Exercise objective: Would you work out how many of the lines below hold "kapható" and reply with nothing but the number?

Data records:
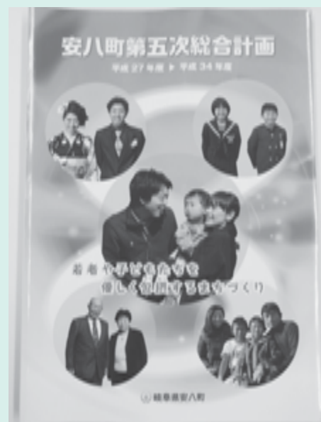
安八町第五次総合計画
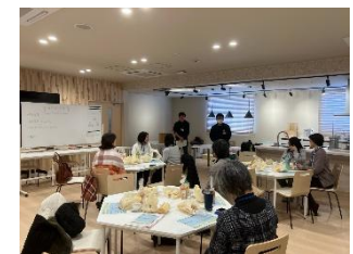
組合員理事8名が参加
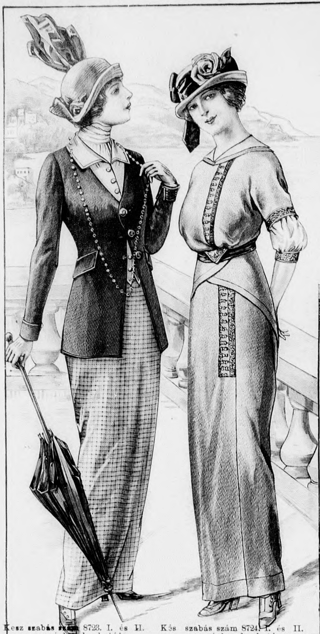
Kész szabás szám 8723. I. és II. nagyságban kapható. 92. sz. Csinos öltözék, szürke-fekete kockás alj és feketés-zöld posztókabát; fehér mellényel. Ehhez 95. sz. Kész szabás szám 8724. I. és II. nagyságban kapható. 93. sz. Ruha divatos csarppal. Ehhez 42. sz.

hosszu, 100 cm. széles voál; 250 cm. hosszú, cm. széles szélpánt 7/8 m. hosszú, 45 cm. széles selyem; 1/4 m. hosszú grelós rojt. A piskótaszínű kreppruhát tarka, készen kapható szélpánt díszíti gép- és sujtáshimzészéből. Az aljat és derekat elől himzett szélpánt díszíti. A derék kimonószabású. A felsőszövet matrozgallért kissé kisebb hasonló alaku fehér voálgallér borítja. Az utóbbihoz hasonlóak a kicsi újdudorok, amelyeket szélpántból való foglaló határol. A ráncolt selyemövet elől szélpántból való háromszög díszíti. A sima előli aljrészeket elől egymást borító csipőpántrészek egészítik ki, míg a hátsó lapokat kissé behuzzuk. Ezeket az övnél kezdődő szabad csomóba kötött fésarp fogja át. A végét selyemgreló díszíti. A derekat elől, az aljat hátul kapcsoljuk.
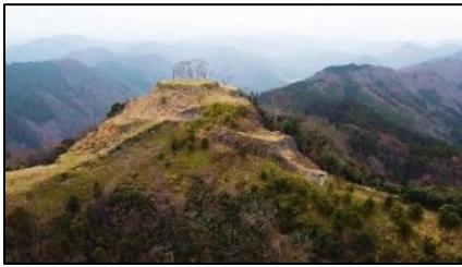
【雲を突く天空の城 利神城】

Task response: 2